▶ _WHAT IS BEING ASKED_
From the line containing "小福包屬於優惠活動性質無退換" through the last line of the entries below, print each line exactly. Pictures stay out.

▶ _DATA SUPPLIED_
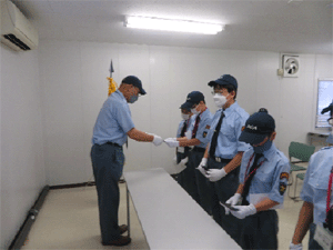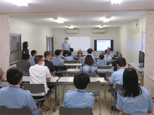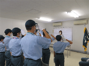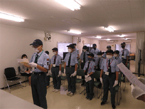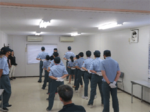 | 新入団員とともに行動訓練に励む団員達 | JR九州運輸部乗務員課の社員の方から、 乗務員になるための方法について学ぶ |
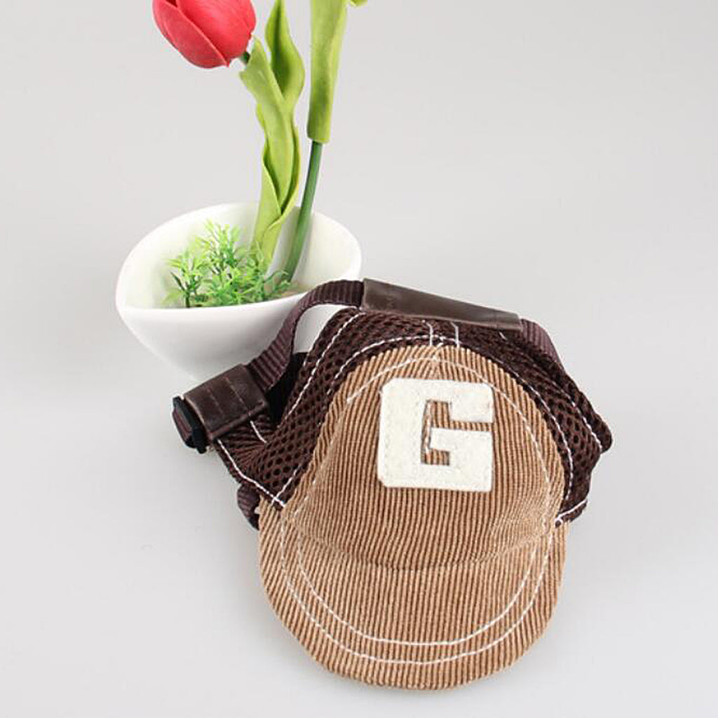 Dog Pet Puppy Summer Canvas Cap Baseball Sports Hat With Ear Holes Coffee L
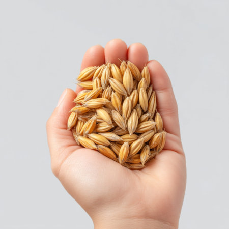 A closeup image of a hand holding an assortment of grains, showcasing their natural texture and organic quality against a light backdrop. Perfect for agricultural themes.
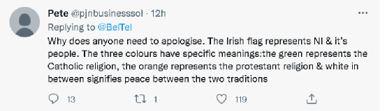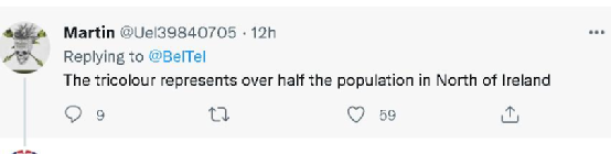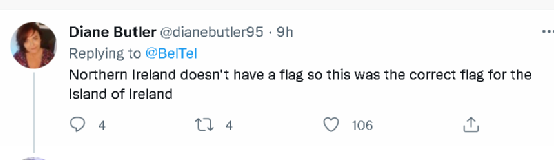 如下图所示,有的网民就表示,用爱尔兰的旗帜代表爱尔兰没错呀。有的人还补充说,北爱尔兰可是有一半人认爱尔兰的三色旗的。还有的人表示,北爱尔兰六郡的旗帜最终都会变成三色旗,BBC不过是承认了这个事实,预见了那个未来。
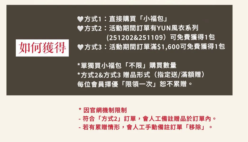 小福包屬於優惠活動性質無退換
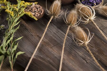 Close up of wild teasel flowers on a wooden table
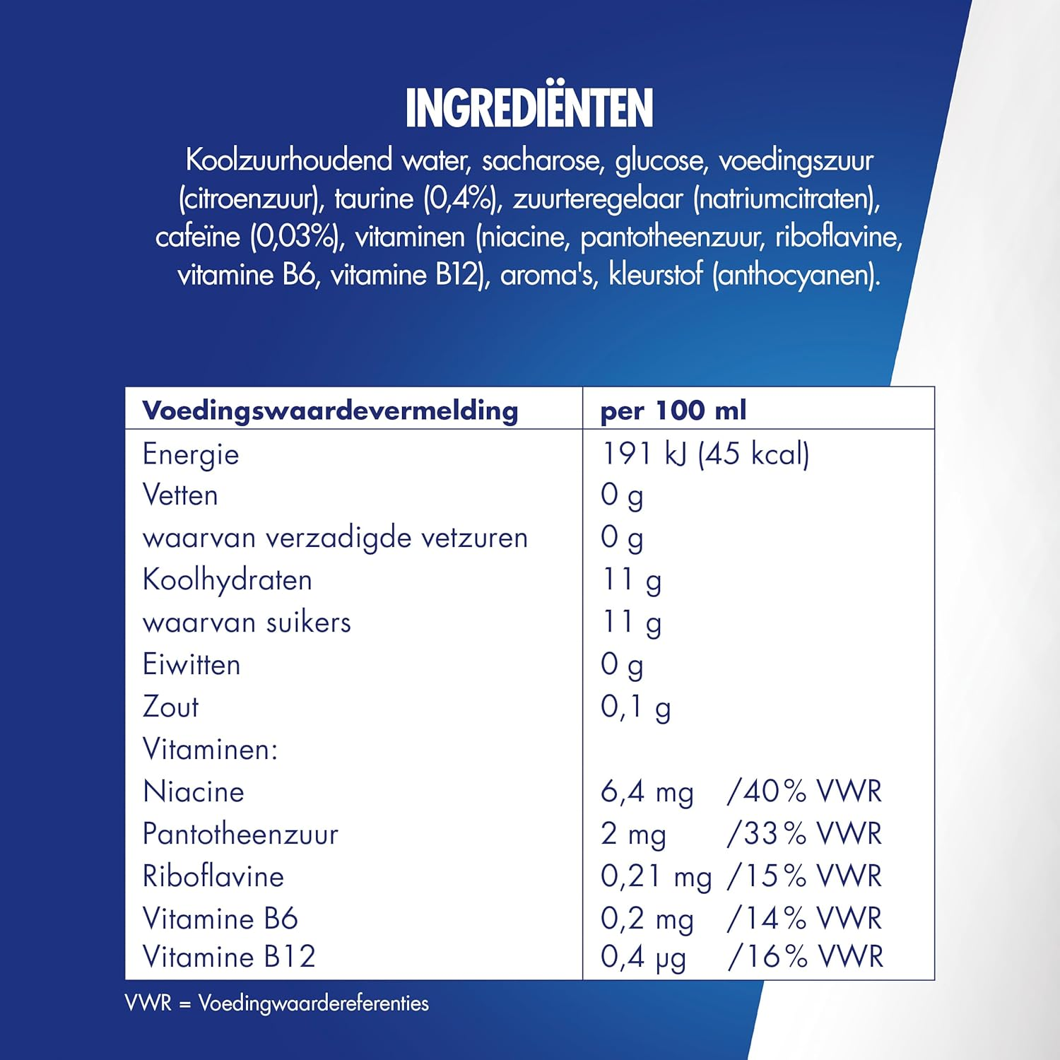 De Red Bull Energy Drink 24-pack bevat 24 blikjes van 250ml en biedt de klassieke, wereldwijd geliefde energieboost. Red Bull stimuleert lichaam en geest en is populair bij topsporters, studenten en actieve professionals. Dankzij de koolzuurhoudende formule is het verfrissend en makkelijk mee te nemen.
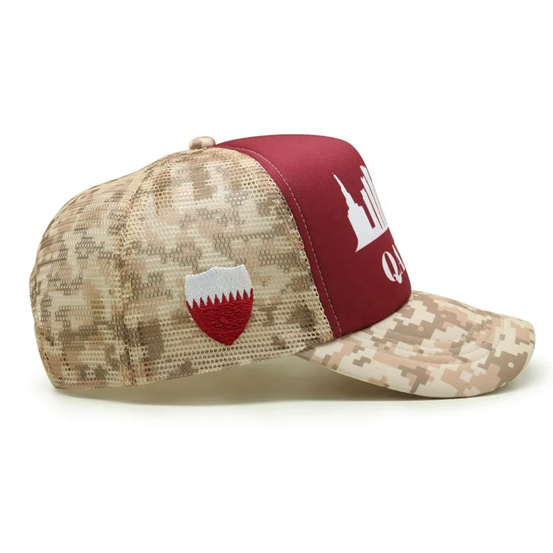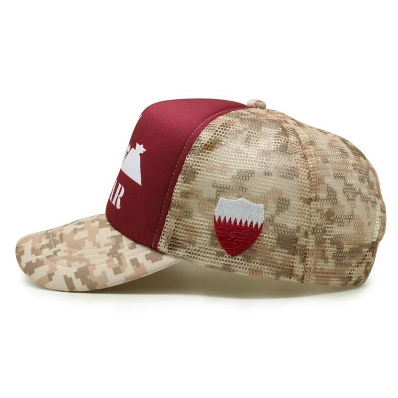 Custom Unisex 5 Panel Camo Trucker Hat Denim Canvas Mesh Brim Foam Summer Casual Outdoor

▶ _EXERCISE RESULT_
 小福包屬於優惠活動性質無退換
 Close up of wild teasel flowers on a wooden table
 De Red Bull Energy Drink 24-pack bevat 24 blikjes van 250ml en biedt de klassieke, wereldwijd geliefde energieboost. Red Bull stimuleert lichaam en geest en is populair bij topsporters, studenten en actieve professionals. Dankzij de koolzuurhoudende formule is het verfrissend en makkelijk mee te nemen.
 Custom Unisex 5 Panel Camo Trucker Hat Denim Canvas Mesh Brim Foam Summer Casual Outdoor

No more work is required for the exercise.